Can the Taliban tame the TTP?
It started in 1948 when the first non-state actors were used to liberate Kashmir. The invasion eventually led to the breakup of Kashmir into two. One came under the influence of Pakistan, and the other was retained by India — the occupied Kashmir, as we call it. That first experiment to use non-state actors as proxies would, in time, become a part of our foreign policy built around the ideology of Jihad. It assisted us full throttle during the Soviet-Afghan war. We later used the methodology in various attempts to weaken India’s grip on the Kashmir issue until we lost the plot in the Kargil theatre.
Pakistan’s romance with non-state actors came full circle after 9/11. At the turn of the century, Pakistan was standing at the receiving end of its harvest — accused of manufacturing terrorists. By 2007 the elephant in the room was not the state but the non-state actors. The first attempt to push the elephant out was made in Lal Masjid which had become the epicentre of militancy. In the military operation launched against the Mosque, we lost 10 commandoes and more than 1,000 students of the Mosque’s madrassa.
It was a beginning of a new war in Pakistan. The militant now called the Tehreek-e-Taliban Pakistan (TTP), and before that as the good Taliban, vowed to take militancy to every part of the country. It happened exactly that way. From Karachi to Khyber, Pakistan rocked with bomb blasts. In addition, TTP carried out some high-profile terrorists acts: a deadly assault on Pakistan Navy’s largest airbase in 2011; an attack on Karachi airport in 2014; ex-PM Benazir Bhutto’s murder in 2007 as claimed by them; and the Army Public School (APS) massacre in 2014. TTP’s onslaught also marred two consecutive elections of 2008 and 2013. Other than killing political leaders and workers, the militant group made campaigning difficult and almost undoable for the centre-left political parties.
However, it was the APS mayhem that left Pakistan with no option but to go after terrorists with full force. The incident would soon become a catalyst of change in Pakistan’s ideological and security policies, and the war that the TTP began was taken to its roots. The rot was shed incrementally across Pakistan which started becoming peaceful.
As the sounds of bombs and gunshots fell silent, the enemy also shifted gear and moved from our backyards (ex-FATA) to Afghanistan. The TTP found new allies in al-Qaeda, the Afghan Taliban, India-focused Punjabi militants, and even Daesh (ISIS). It also found a new supporter in the former Afghan government and India. They helped the battered TTP reorient and redefine its goals. Since then, the group has targeted only Pakistan’s security, intelligence and law enforcement agencies. As a result, thousands of officers and soldiers have been killed in K-P and Balochistan provinces of Pakistan that border Afghanistan.
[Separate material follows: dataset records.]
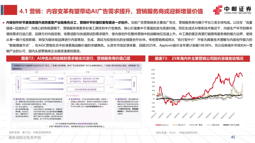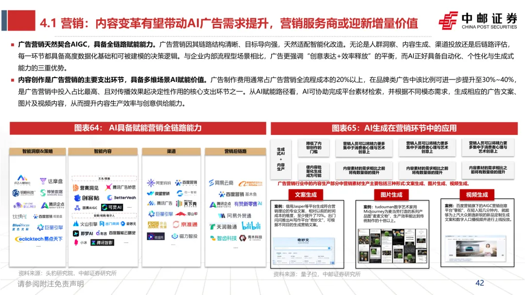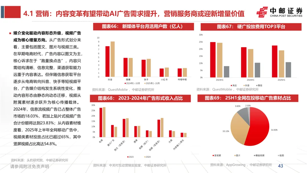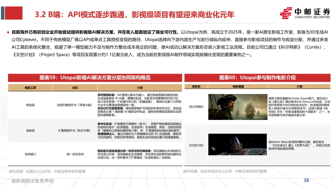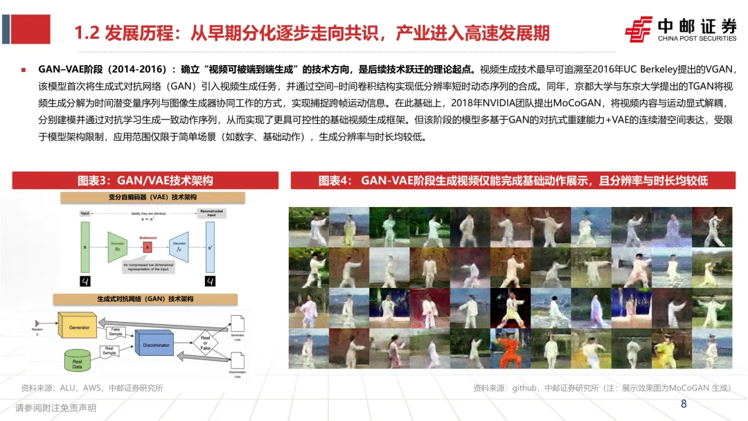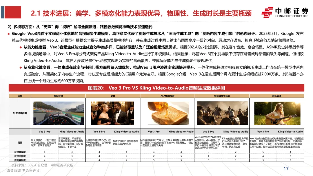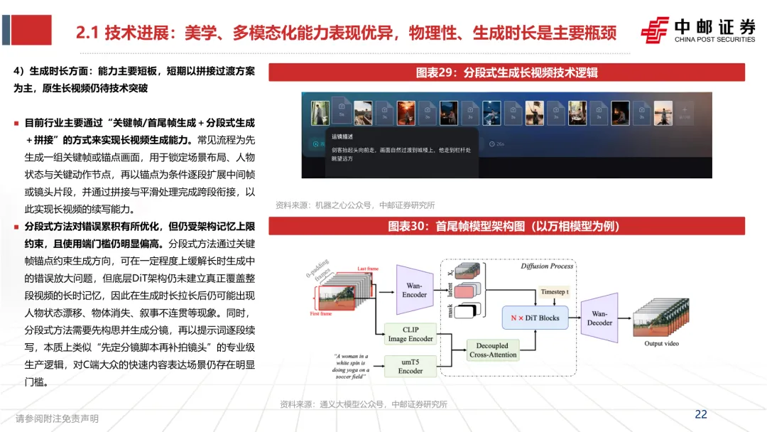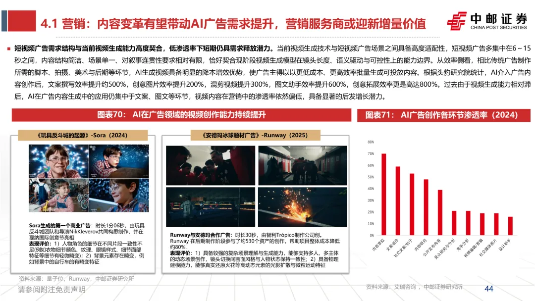 导读:报告聚焦 AI 视频行业发展态势,剖析技术跃迁与产业变革机遇。AI 视频作为 AIGC 产业能力上限的核心载体,技术路线已从 GAN、Transformer 逐步收敛至 DiT 架构,Sora 等标杆模型推动短视频生成质量接近专业水准,音画一体化成为重要演进方向。商业化呈现 C+B 端双轮驱动格局,2026 年全球市场规模预计达 2.96 亿美元。C 端以订阅模式为主,社交化探索拓宽变现路径;B 端 API 模式在电商、广告等场景成熟,影视级项目逐步落地,2026 年有望成为商业化关键节点。世界模型作为新兴技术方向,正破解长视频生成的物理一致性与时长瓶颈,为行业带来新突破。应用场景深度渗透传媒领域,广告、影视、游戏均受益显著。AI 助力广告内容批量生产,推动影视短剧降本增效,赋能游戏资产制作与玩法创新,成为内容产业生产力变革的核心引擎。
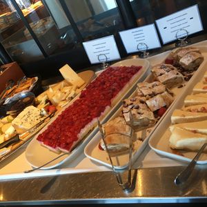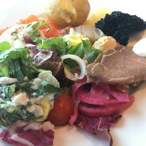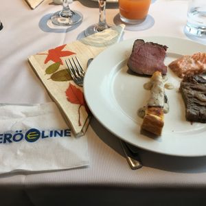 帰りの便には8階ブッフェを利用。フィンランド料理が主。コールドミール(サラダ、サーモン、エビ、キャビア2種、ニシンの酢漬け…)、ホットミール(サーモン、ハンバーグ、ミートボール、タラ、ローストポーク、ローストビーフ、ローストチキン、ジビエっぽいお肉…)どちらも豊富。アルコール(赤白ワイン、ビール)もソフトドリンクも豊富。食事は下船時にもまだ残っていたので、慌てなくても大丈夫でしょう。予約なしでも大丈夫そうでしたが、予約をしていると確実に席が確保され安心です。
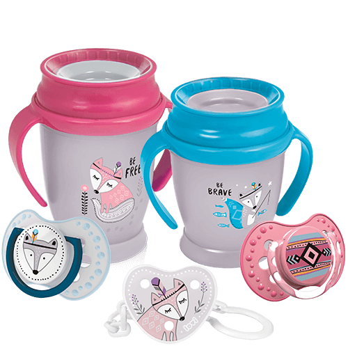 • Tazas 360°,  son el siguiente paso para enseñarle al bebé a beber, después de una taza de entrenamiento y tazas antigoteo. Enseña a beber de una taza sin derramar. Gracias a su innovador sistema de sellado, el bebé puede succionar líquido de cualquier área alrededor del borde.
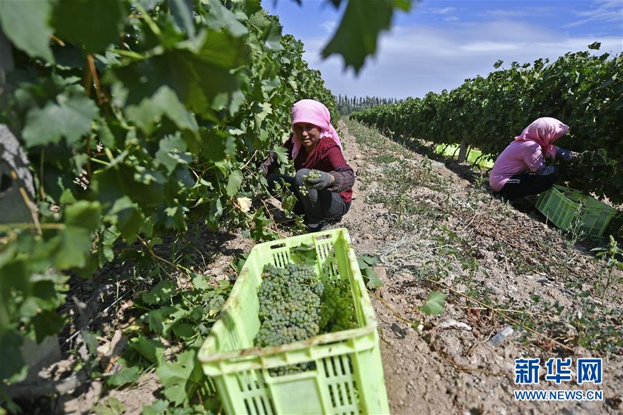 寧夏銀川市永寧縣閩寧鎮(zhèn)原隆村立蘭釀酒葡萄種植基地,農(nóng)戶在田間采摘葡萄(2019年9月3日攝)。新華社記者王鵬攝
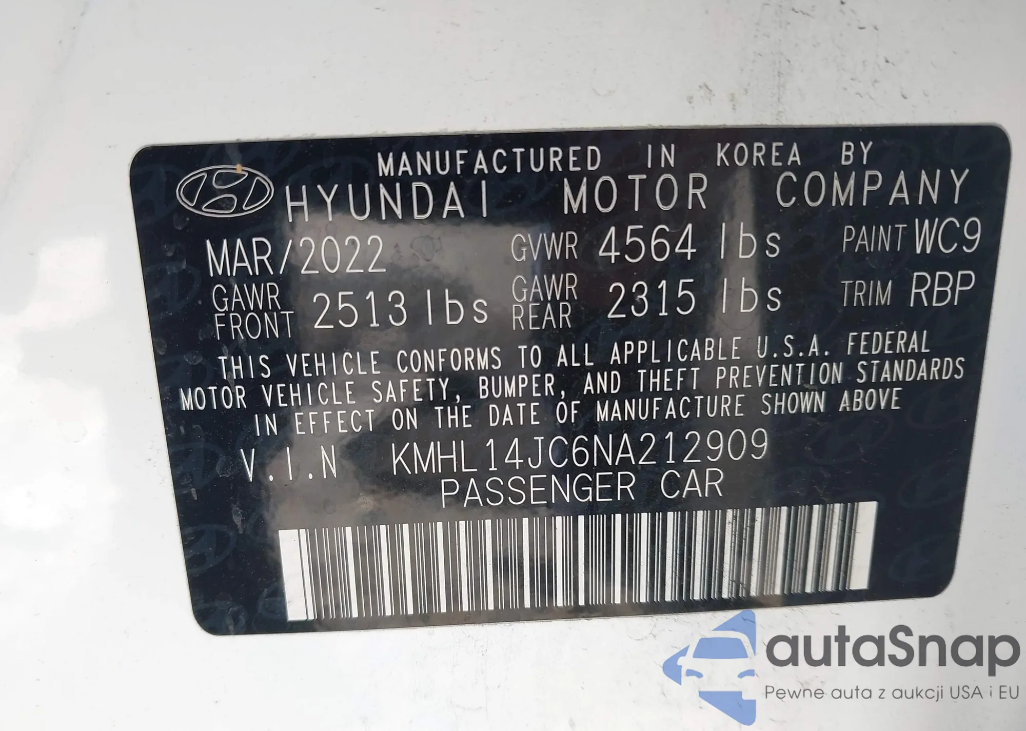 • VIN KMHL14JC6NA212909

Pakistan repeatedly asked the Karzai and Ghani governments to stop the tide of terrorism from flowing into Pakistan. But, it flowed even more ferociously. Then came the Taliban government in August 2021; and foreseeing the power of the TTP, eclipsed because of a friendly government in power, Pakistan extended proposal for a truce and asked the Taliban to mediate peace. It did not happen. The Taliban failed to convince TTP to stop attacks on Pakistan despite their ideological similarities with the outfit. One ceasefire attempt has already failed. Would a subsequent ceasefire survive, as Afghanistan’s Ambassador in Pakistan Sardar Ahmed Khan Shakib has shown willingness to work for it? The answer to this question is becoming as muddy as Pakistan’s expectation of a peaceful, modern and progressive Afghanistan under the Taliban.
How does Pakistan hope to get a lease of peaceful truce with the TTP when its ideological partner, the Afghan Taliban, has reneged from its commitment to honour human rights and international agreements? Also, the probability of nudging TTP to resolve differences with Pakistan has dimmed after the Afghan Taliban attack on the fence at the border.
Published in The Express Tribune, January 22nd, 2022.